Do we really want the Greens to go away?

Public support for the Greens seems to be slipping, yet their message is more important than ever.

Cassy O'Connor and Rosalie Woodruff face a diminished presence in the Tasmanian parliament. PHOTO ABC News

Cassy O’Connor and Rosalie Woodruff face a diminished presence in the Tasmanian parliament. PHOTO ABC News


State polls in Tasmania and South Australia and a federal by-election in Melbourne this month are food for thought for the Greens – and for the rest of us.

On the face of it, the party is on the slide. In Tasmania its vote was well down and it lost a seat, its primary vote declined in South Australia, and it lost the Batman by-election which it had been favoured to win.

That would be evidence of a party on the way out, except that just four months ago the Greens scored a memorable win in a state by-election in Victoria, ousting Labor from a seat it had held for 90 years.

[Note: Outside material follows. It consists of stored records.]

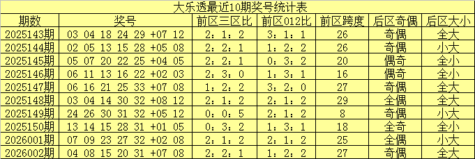 大乐透第2026002期奖号开出:04 08 15 20 31 +07 08。其中前区三区比为2:2:1,012路比为1:2:2,后区开出全大、一奇一偶奖号。
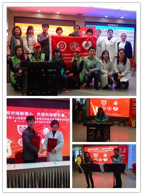 仪式于下午2点正式开始。十院党办主任徐倍向来宾们介绍了莅临的领导和嘉宾,接着十院的沈迎春副书记和音乐学院卿扬老师致辞并对即将合作的项目提出了殷切希望,随后,在大家的见证下完成了签约仪式。仪式后,音院的志愿者们为大家带来了一场小型音乐会,音乐会上本科生李丝雨同学的扬琴独奏和研究生张娜、姚舜祥的小提琴双重奏把整个签约仪式推向高潮,同学们热情高涨的表演引来了众多病患驻足观看,病人和家属们除了对同学们的演出给予了高度肯定外,也对医院的人性关怀表达了由衷的感谢,签约仪式在温馨和谐的气氛下画上了圆满的句号。
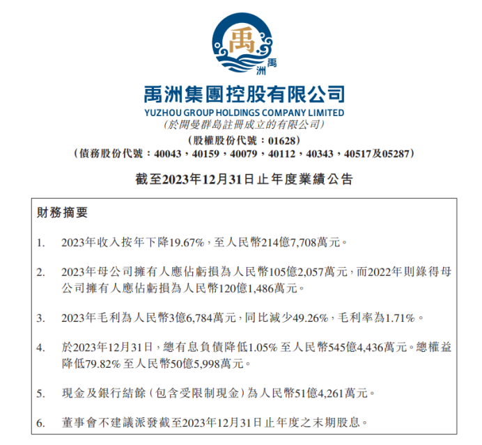 2023年,禹洲集团实现营业收入214.77亿元,同比减少19.67%;母公司拥有人应占亏损为105.21亿元。毛利为3.68亿元,同比减少49.26%,毛利率为1.71%。
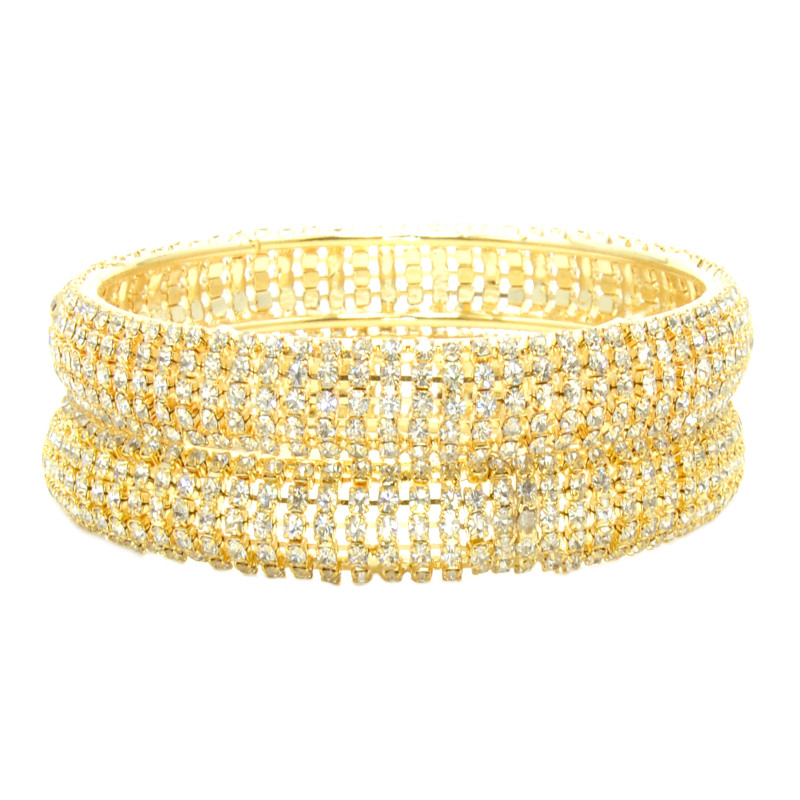 2 Pc Curved Edge Bangle Set Gold Metal & Clear Crystals.

This is politics in the 21st century – volatile and unpredictable, with today’s darlings quickly becoming tomorrow’s pariahs. Richard Di Natale and Cassy O’Connor are well aware that being a party leader is a roller-coaster ride.

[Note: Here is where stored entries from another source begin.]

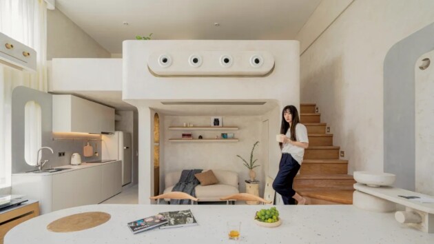 冰冰對當代藝術非常感興趣,希望自己的家能夠自然地流露出藝術氣息。如果擺放裝置藝術品,會讓這個空間顯得更加擁擠。于是,設計師選擇在硬裝中“做雕塑”。曲線、轉角、圓筒、錐體……墻體、隔板和臺面上出現各種幾何造型,就像一件件雕塑作品。設計師用石膏塑形,外部再涂上和墻面一樣的手刷漆,讓這些雕塑體塊完全融于整個空間里。
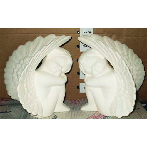 Réf. N°047-2 bisou d'ange, figurine de fille, L 9 x l 9 x h 20 ; biscuit de faïence fine (céramique brute à peindre ou à émailler)
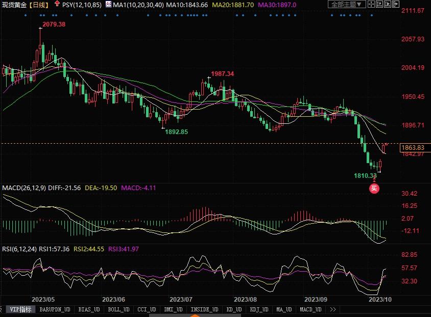 美联储副主席杰斐逊周一暗示,美国长期国债收益率可能会阻止美联储进一步上调短期政策利率,并让金融市场取代美联储正式的货币政策举措。他在美国商业经济协会发表讲话时表示,债券收益率上升导致的金融环境收紧,并在评估未来政策路径时将牢记这一点,在进一步上调指标联邦基金利率时需要“谨慎行事”。与此同时,达拉斯联储主席洛根此前在同一场会议上早些时候发表讲话时表示,近期长期美债收益率的飙升可能意味着美联储再次加息的必要性降低。洛根说:“如果长期利率因期限溢价上升而维持在高位,那么加息的必要性可能就会降低。”巴以冲突引发的避险买盘一度给美元周一走势提供上升动力,但随着美联储官员接连发表鸽派言论,美元指数自日内高点106.59持续下滑。根据芝商所(CME)追踪的数据,投资者认为美联储下月不会再次加息。期货市场定价显示,美联储在11月会议上维持利率不变的机率为88.5%。叠加美联储官员近日来的言论,更是大大降低了再次加息的可能性。为此,周一,金价创下5月以来最大涨幅。此外,在哈马斯袭击以色列后紧张局势加剧后,避险需求增加,也利好金价。总之,近期基本面似乎涌现出一些有利于黄金的消息。
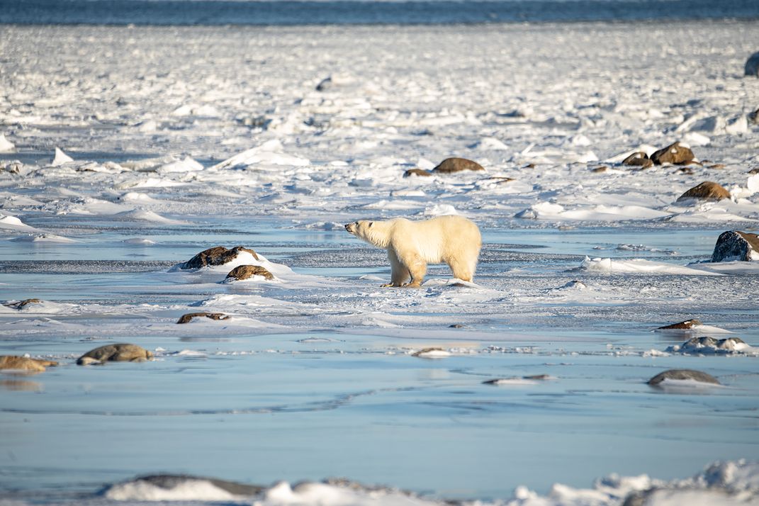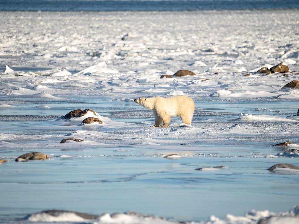 A polar bear challenging the Hudson Bay ice field.

With minor personality-based parties seemingly on the nose, the two main parties, well-known for their disdain of minor players on the political stage, seem to be back in favour.

The Nationals, stolid country cousins of the Liberals, have endured on the conservative side of politics by remaining in lock-step with the larger party on all crucial votes. No such alliance has been possible between the Greens and Labor as each party fiercely defends its independence.

The Greens’ core constituency has always been teenagers and twenty-somethings focused heavily on matters environmental – mostly protection of natural values like waterways and forests; more recently on the broader issue of climate change.

But as this party of youth approaches its 40th birthday, like all progressive parties it faces the challenge of remaining an effective political force while keeping the ideas flowing and continuing to engage the young minds that will always be its lifeblood.

When the Greens started up in Tasmania in the early 1980s, the party attracted people who were through with the bigger parties and their love affair with power elites, notably the state-owned Hydro Electric Commission, bent on damming the lower Gordon River.

The Greens’ success in that memorable conflict turbo-charged them for the battle over native forest logging that dominated the state’s politics for over a quarter of a century, ending only with the 2012 forest agreement and the 2013 collapse of Gunns Limited.

Battling the status quo became the Greens’ trademark in partnerships with major parties on both sides of the political divide, all of which produced some significant and lasting reforms. But the alliances tended to be fraught and tenuous, never lasting more than one term.

The idea that a coalition with the Greens always ends in tears is now a central theme in Tasmanian politics and, since the 2010 Labor-Green pact supporting a Gillard government, in the federal sphere too.

Some governments seem less tumultuous than others, but in truth all politics is fraught because power and paranoia go hand in hand. The argument for majority government is no more than a self-serving device to keep independent thinkers out of parliament. Do we really want that?

Independent thinking is what Greens do best. Their enemies in the major parties, to conceal their own conformity, call them mindless ideologues, but the Greens bring a breath of fresh air into the public debate, contributing ideas and insights far above their numbers.

They led the defence of natural values in our wild places. They were first to advocate a “clean, green” agenda – since adopted by major parties wanting credit for tourism success. And they have led debate on a raft of social reforms, including legalising homosexual relationships.

It took a while for the Greens to hit their straps when climate change first entered the public debate. Voting down Kevin Rudd’s emissions reduction plan in 2010 was an early misstep, but later that year they played a key part in formulating our one and only national pricing scheme.

Wilful ignorance ended that scheme in 2014. It also led to the trashing of an outstanding Tasmanian climate strategy released by O’Connor as climate change minister in 2013. Its grossly inferior successor was never more than a climate change box for the government to tick before moving on.

Even today our political and bureaucratic leaders are missing the fundamental truth that climate change will increasingly influence our economies, our institutions, our governance and our whole existence as communities and nations, and if left unattended will overwhelm them all.

The Greens know this better than anyone. Take them out of our parliaments and you remove a vital cog in public understanding of where things are headed in this fast-moving century. We need their voice, and we abandon them at our cost.